2. A roof support assembly for a coal mine as claimed in claim 1, wherein: the side support beams (1) are in sliding connection with the pulley seats (2), each connecting plate (302) is L-shaped, a telescopic cylinder (305) is fixedly installed at one end of each connecting plate (302), a sliding column (304) is fixedly installed at the position, close to the connecting plate (302), of each main support beam (3), and the sliding column (304) and the telescopic cylinder (305) are fixedly connected.

3. A roof support arrangement for a coal mine as claimed in claim 2, wherein: a pair of fixing seats (11) are arranged on opposite faces between the two side supporting beams (1), a first hydraulic rod (12) is fixedly connected to each fixing seat (11), and the output end of the first hydraulic rod (12) is in sliding connection with the supporting longitudinal beam (301).

4. A roof support assembly for a coal mine as claimed in claim 1, wherein: a plurality of component force cylinders (303) are fixedly arranged at the top of each main supporting beam (3), the tops of the component force cylinders (303) are pressure parts, and the pressure parts are abutted against the culvert top plates.

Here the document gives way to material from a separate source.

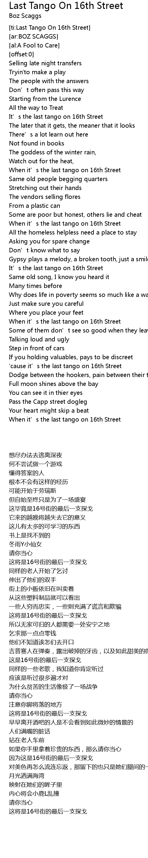 | [04:41.50] | 'cause it’s the last tango on 16th Street |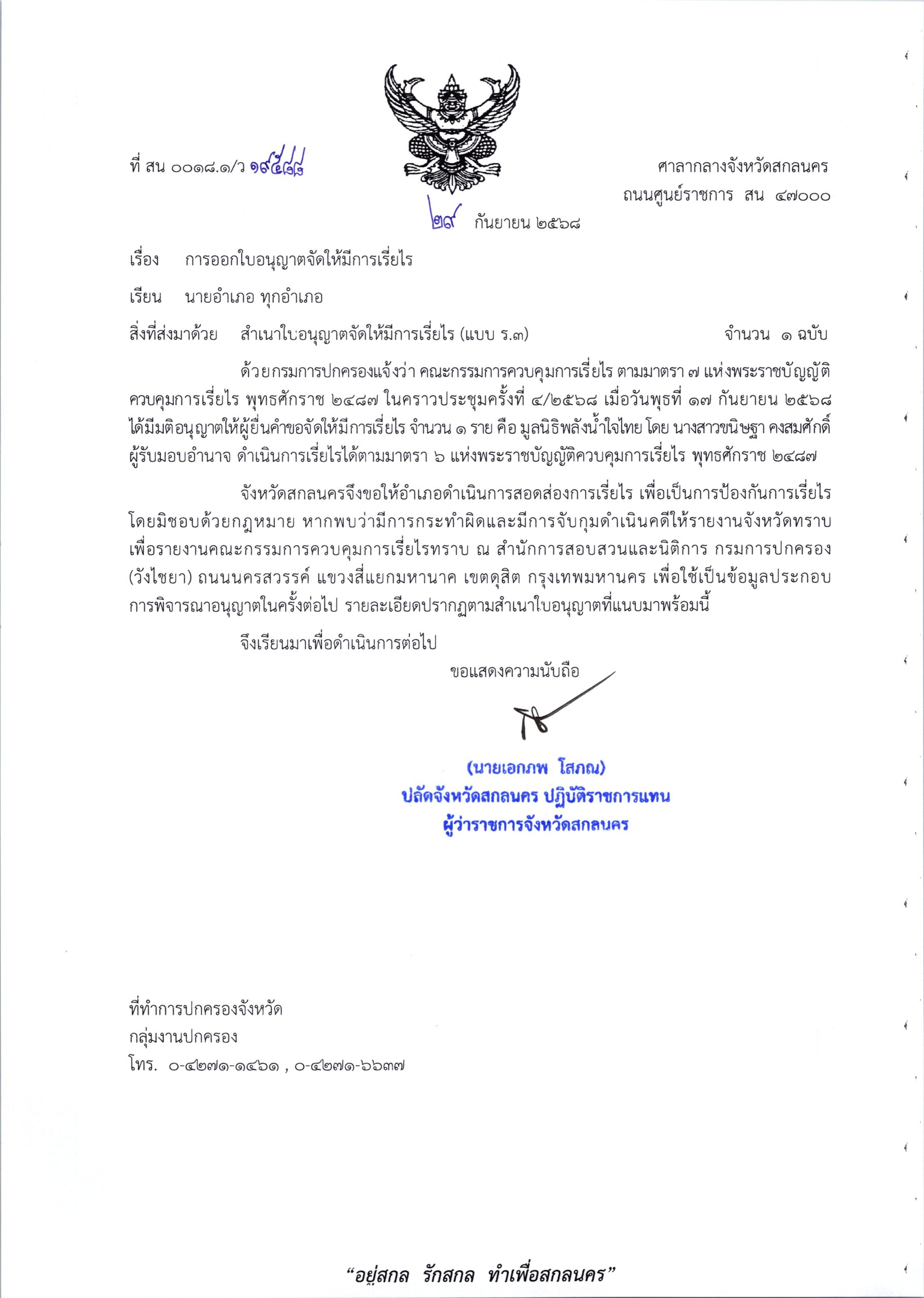 ที่ สน 0018.1/ว19588 ลงวันที่ 29 กันยายน 2568 เรียน นายอำเภอ ทุกอำเภอ เรื่อง การออกใบอนุญาตจัดให้มีการเรี่ยไร

5. A roof support assembly for a coal mine as claimed in claim 4, wherein: the pressure part is made of a centroid ball (25) moving on the component force cylinder (303), a movable plate (24) sliding in the component force cylinder (303) and a second spring (23) arranged at the bottom of the movable plate (24), and the bottom of the second spring (23) is connected with the main supporting beam (3).

6. A roof support assembly for a coal mine as claimed in claim 4, wherein: the top ring opening of the component force cylinder (303) protrudes inwards to limit the highest movement distance of the centroid ball (25), a baffle ring is fixedly arranged in the component force cylinder (303) to limit the lowest movement distance of the centroid ball (25), and a plurality of discrete plates (26) are fixedly arranged on the centroid ball (25).

7. A roof support assembly for a coal mine as claimed in claim 1, wherein: each bottom plate (4) is fixedly connected with a second hydraulic rod (13) at two ends close to the front edge plate (5), and the second hydraulic rods (13) are used for controlling the front edge plate (5) to rotate.

8. A roof support assembly for a coal mine as claimed in claim 6, wherein: the pulley seat (2) and the discrete plate (26) are both made of nonmetallic materials.